Sign (1 bit) | Exponent (11 bits) | Mantissa (52 bits)

Key points:

  • Can't represent all decimal numbers exactly
  • Has special values: +∞, -∞, NaN (Not a Number)
  • Precision limits cause rounding errors

Example: 0.1 + 0.2 ≠ 0.3 in floating point (due to representation limits)

Endianness

The order in which bytes are stored in memory.

Big-Endian

Most significant byte first (left to right).

Example: 0x12345678 in memory

Address:  0x00  0x01  0x02  0x03
Value:    0x12  0x34  0x56  0x78

Used by: Network protocols, some CPUs (SPARC, older PowerPC)

Little-Endian

Least significant byte first (right to left).

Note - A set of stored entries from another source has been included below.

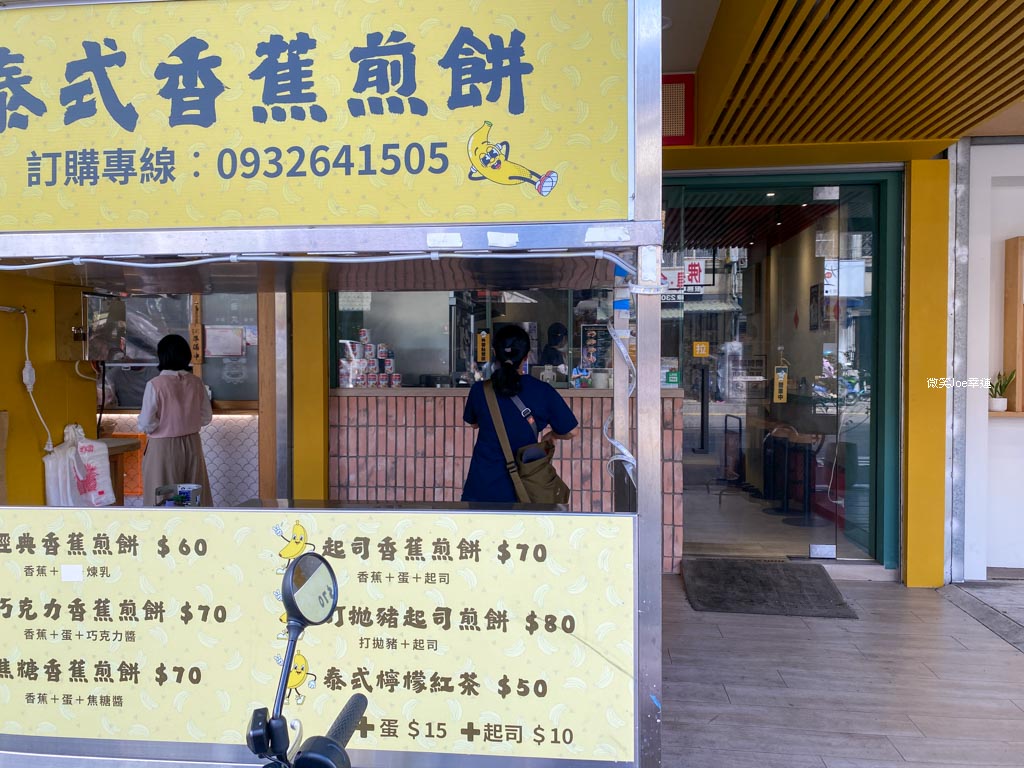 騎樓間有家香蕉煎餅攤位,平日要四點開始營業,假日則是中午就有。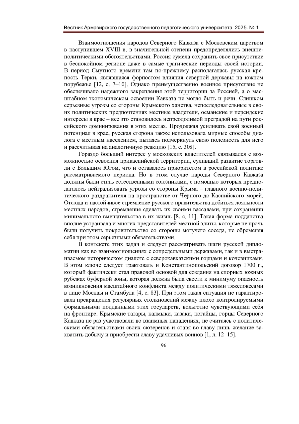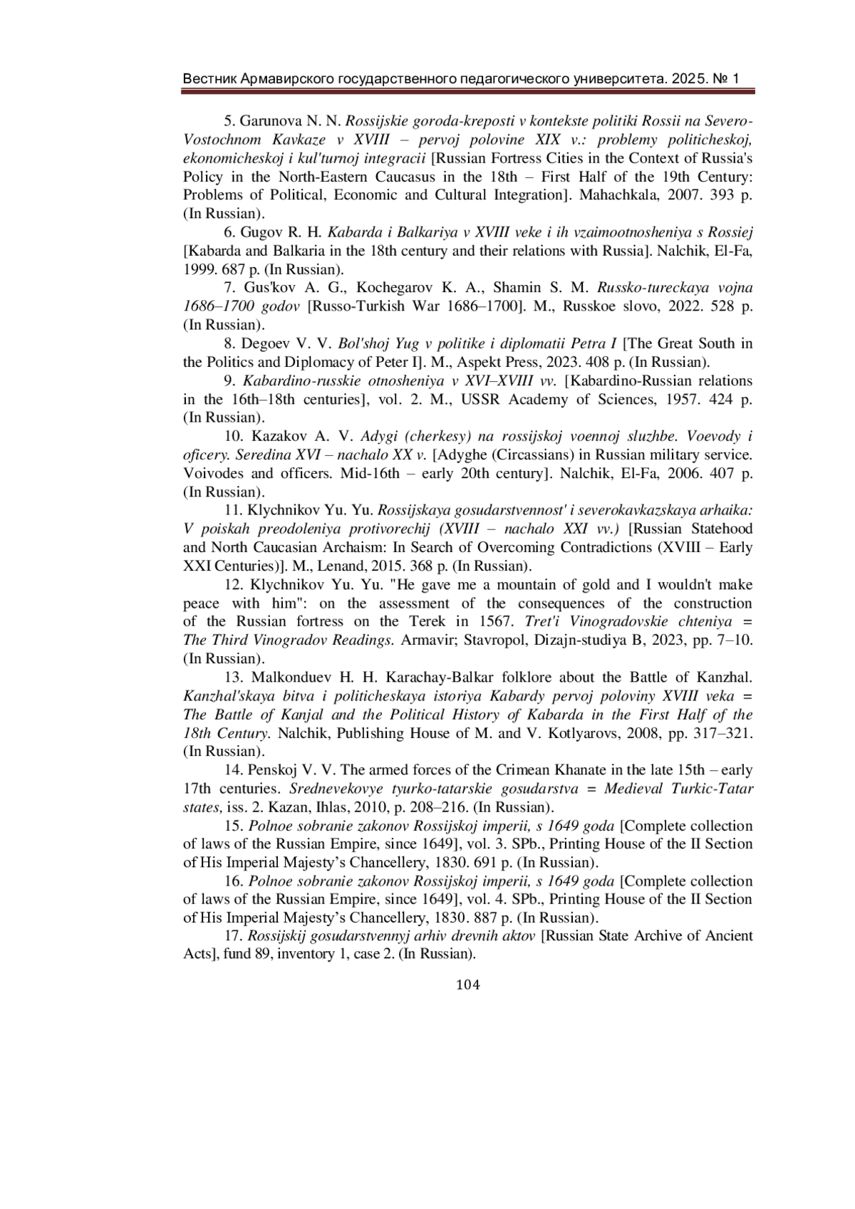 12. Клычников, Ю. Ю. “Он мне давай гору золоту и мне с ним не миривитца”: к оценке последствий возведения русской крепости на Тереке в 1567 году / Ю. Ю. Клычников. - Текст: непосредственный // Третьи Виноградовские чтения: материалы Международной научно-практической конференции (г. Армавир, 5 апреля 2023 г.). - Армавир; Ставрополь: Дизайн-студия Б, 2023. - С. 7-10.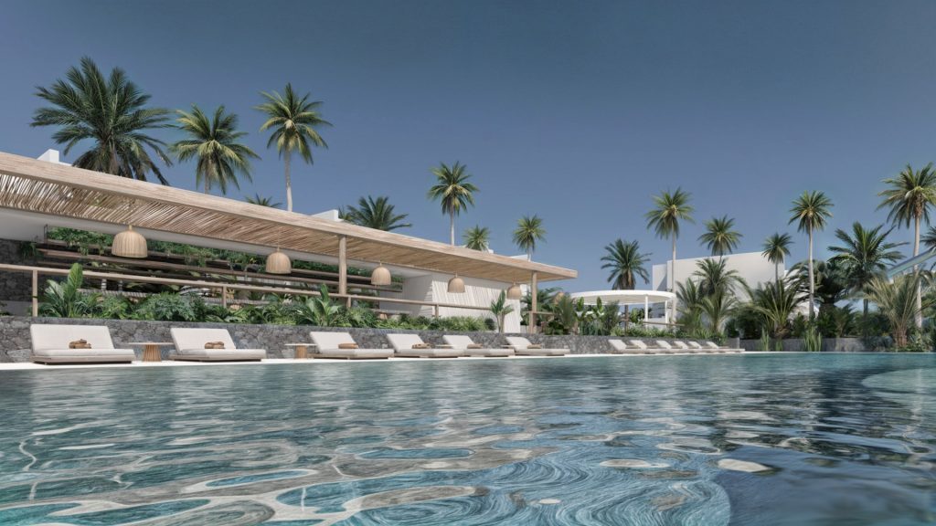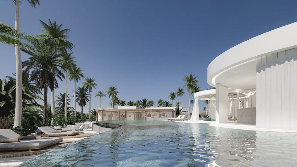 The resort’s central building stands as a true gathering point, seamlessly blending elegance and functionality. Featuring a stunning landscaped courtyard adorned with lush exotic vegetation, this space hosts a unique social club that includes a reception area, restaurant, multipurpose lounges, café, and a curated boutique.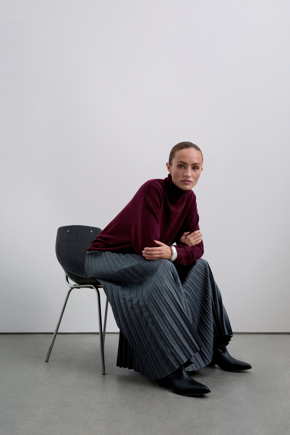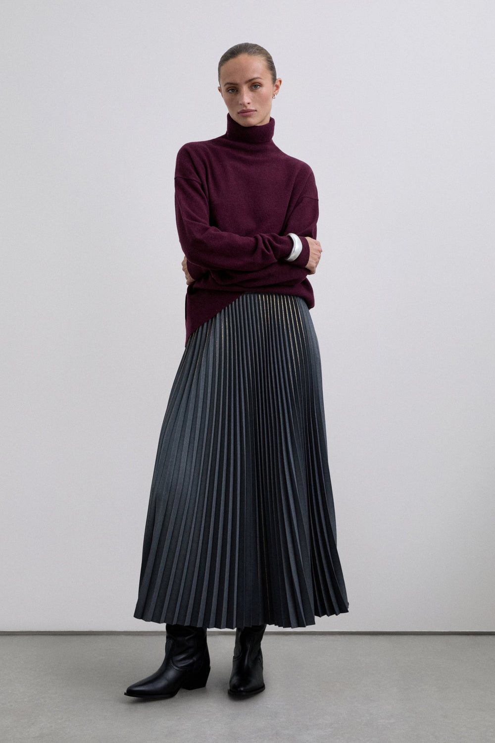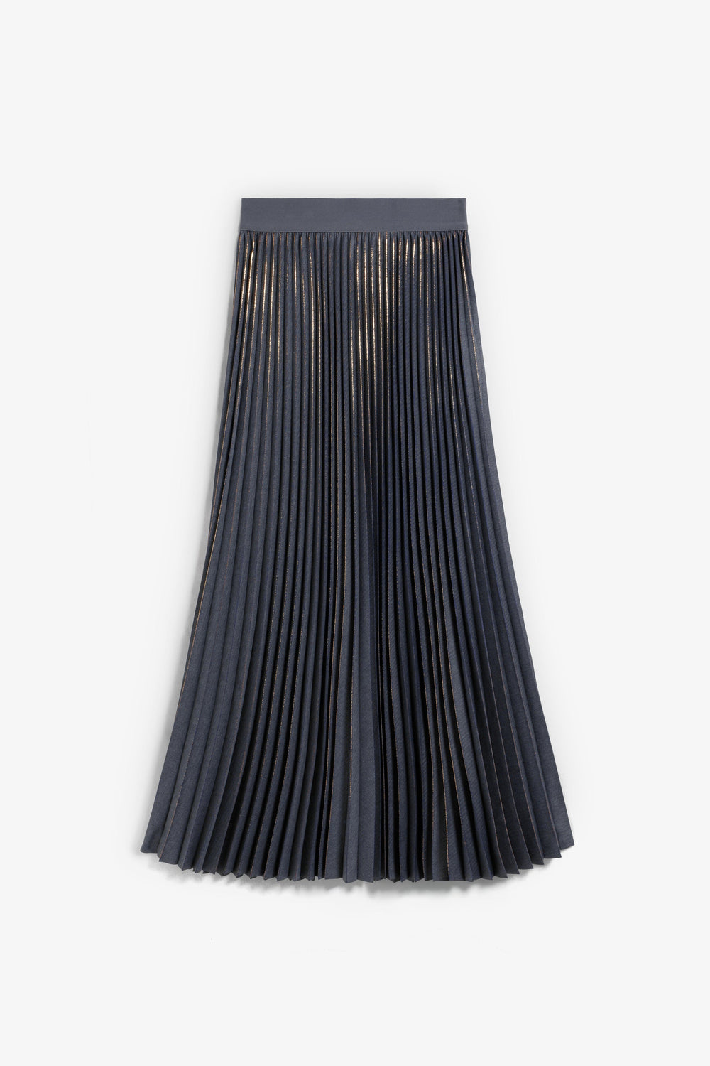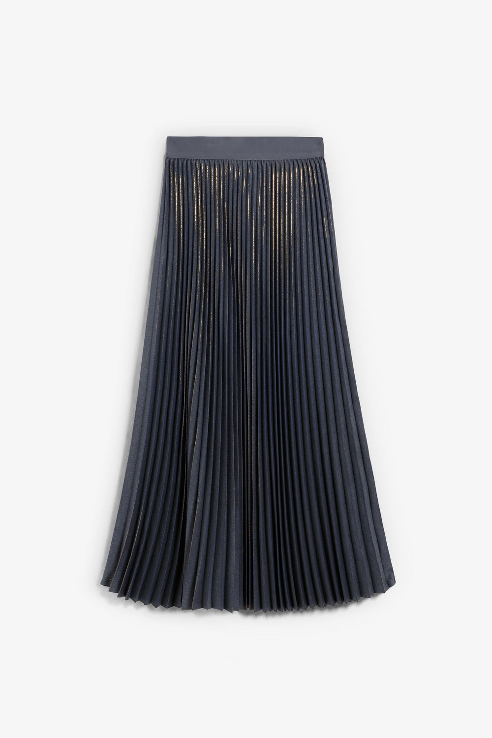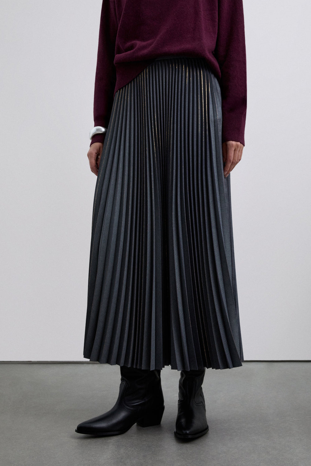 Pleated midi skirt made of flowing fabric with lurex details on the pleats. Regular fit. Elasticated waistband.

Example: 0x12345678 in memory

Address:  0x00  0x01  0x02  0x03
Value:    0x78  0x56  0x34  0x12

Used by: x86, x64, ARM (usually)

Why it matters: When exchanging data between systems, must account for endianness.

Key Concepts

  • Binary is the fundamental number system for computers
  • Hexadecimal provides compact binary representation
  • Two's complement is the standard for signed integers
  • Bitwise operations manipulate individual bits
  • UTF-8 is the modern standard for text encoding
  • Endianness affects multi-byte data storage

Common Mistakes

  1. Forgetting leading zeros - Binary groups should be 4 or 8 bits
  2. Mixing up hex letters - A=10, not 1
  3. Wrong two's complement - Must invert all bits, then add 1
  4. Assuming ASCII for all text - UTF-8 is now standard
  5. Ignoring endianness - Matters when reading binary files

Debugging Tips

  • Use hex calculators - Verify your conversions
  • Check bit patterns - Draw them out visually
  • Test with small values - Easier to verify
  • Know your ranges - 8 bits = 0-255 unsigned
  • Watch for overflow - Adding 255 + 1 in 8 bits = 0

Mini Exercises

  1. Convert 10110101₂ to decimal
  2. Convert 173₁₀ to binary
  3. Convert 2FA₁₆ to decimal
  4. Convert 11011101₂ to hexadecimal
  5. Represent -10 in 8-bit two's complement
  6. Calculate: 10101010₂ AND 11001100₂
  7. Calculate: 00001111₂ OR 11110000₂
  8. What is 00000110₂ << 2 in binary?
  9. Find the ASCII code for 'Z'
  10. How many bytes does "Hello" take in UTF-8?

Review Questions

  1. Why do computers use binary instead of decimal?
  2. What's the advantage of hexadecimal over binary?
  3. How does two's complement represent negative numbers?
  4. What's the difference between big-endian and little-endian?
  5. Why is UTF-8 better than ASCII?

Reference Checklist

By the end of this chapter, you should be able to:

  • Convert between binary, decimal, and hexadecimal
  • Understand bits, bytes, and words
  • Represent negative numbers using two's complement
  • Perform bitwise operations
  • Understand ASCII and UTF-8 encoding
  • Explain endianness
  • Calculate value ranges for different bit sizes

Next Steps

Now that you understand how data is represented at the bit level, the next chapter explores operating system concepts. You'll learn about processes, memory management, file systems, and how the OS manages all the computer's resources.


Key Takeaway: Everything in a computer is binary. Mastering binary, hexadecimal, and data representation is essential for understanding how system software works at the lowest level.